BEGIN INFORMATION PROVIDED

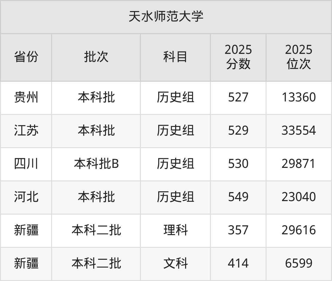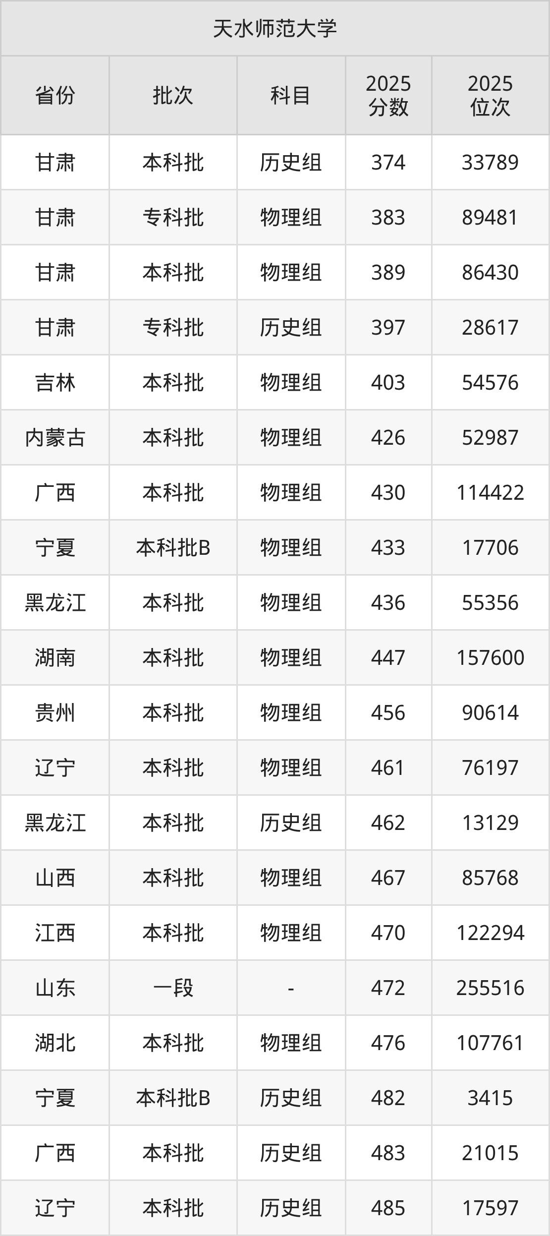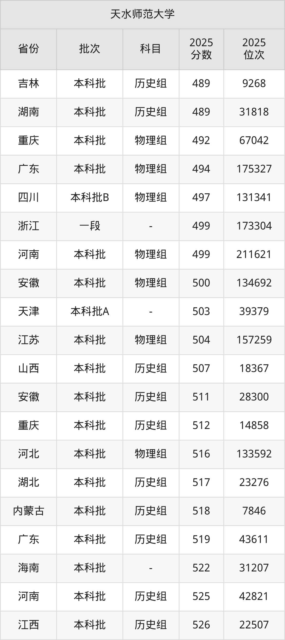 圆梦小编为2026届想要报考天水师范大学的同学整理了:天水师范大学2025年在全国24个省的最低分及录取位次。
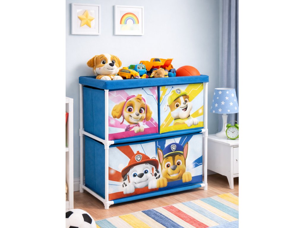 Organizér s úložnými boxy Paw Patrol. Nádherný organizér se 3 textilními nádobami, velmi praktický pomocník pro ukládání hraček, stavebnic, ale i oblečení, je zároveň i krásnou dekorací do dětského pokojíčku. Vyrobeno z kovu, polyesteru, PP a lepenkových trubek. Zabírá málo místa, montáž je rychlá a snadná. S tímto organizérem Tlapková patrola si i děti budou uklízet rády.
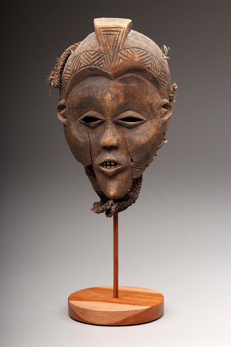 Carved wood face mask with broad face, slit eyes with heavy lids, and open mouth displaying teeth, topped with helmet-like feature and with a pierced perimeter from which is attachment woven plant fiber material.Collection
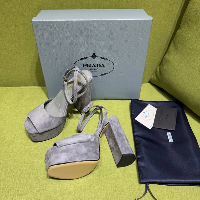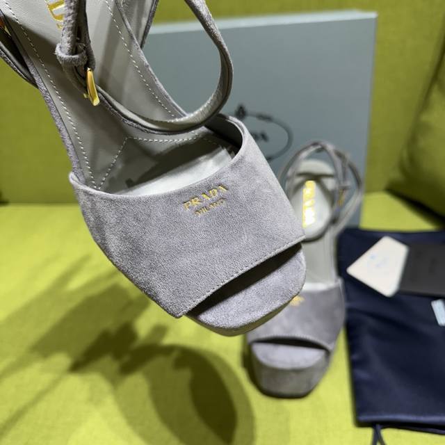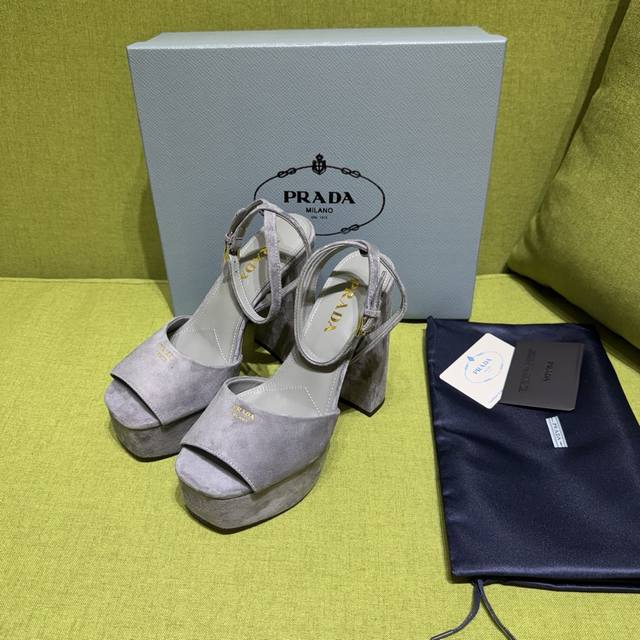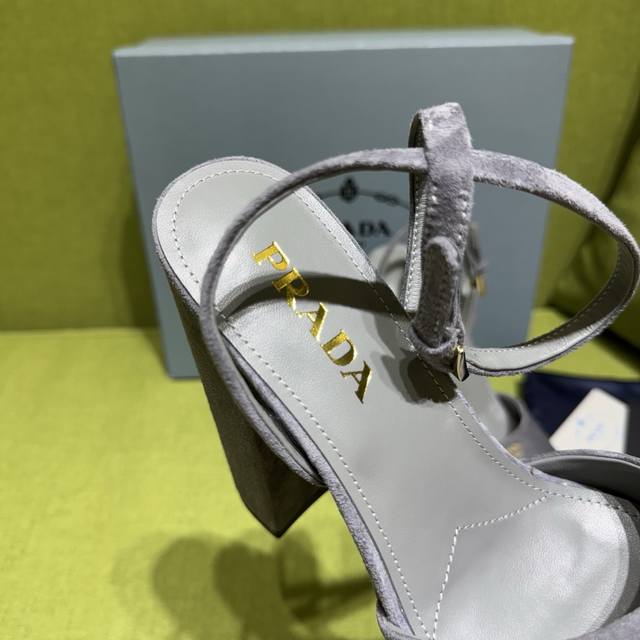 / 新色prada 普拉达2025Ss秋季新品 Saffiano高跟厚底绒面皮凉鞋,秉承现代设计理念,绽现精致魅力。 织物的新雅色彩平添明艳格调。标志性三角形徽标彰

END INFORMATION PROVIDED

• _TASK PROMPT_
Only the lines from the one containing "Carved wood face" through the final line of the listing should be reproduced, exactly and with no pictures.

• _EXERCISE SOLUTION_
 Carved wood face mask with broad face, slit eyes with heavy lids, and open mouth displaying teeth, topped with helmet-like feature and with a pierced perimeter from which is attachment woven plant fiber material.Collection
 / 新色prada 普拉达2025Ss秋季新品 Saffiano高跟厚底绒面皮凉鞋,秉承现代设计理念,绽现精致魅力。 织物的新雅色彩平添明艳格调。标志性三角形徽标彰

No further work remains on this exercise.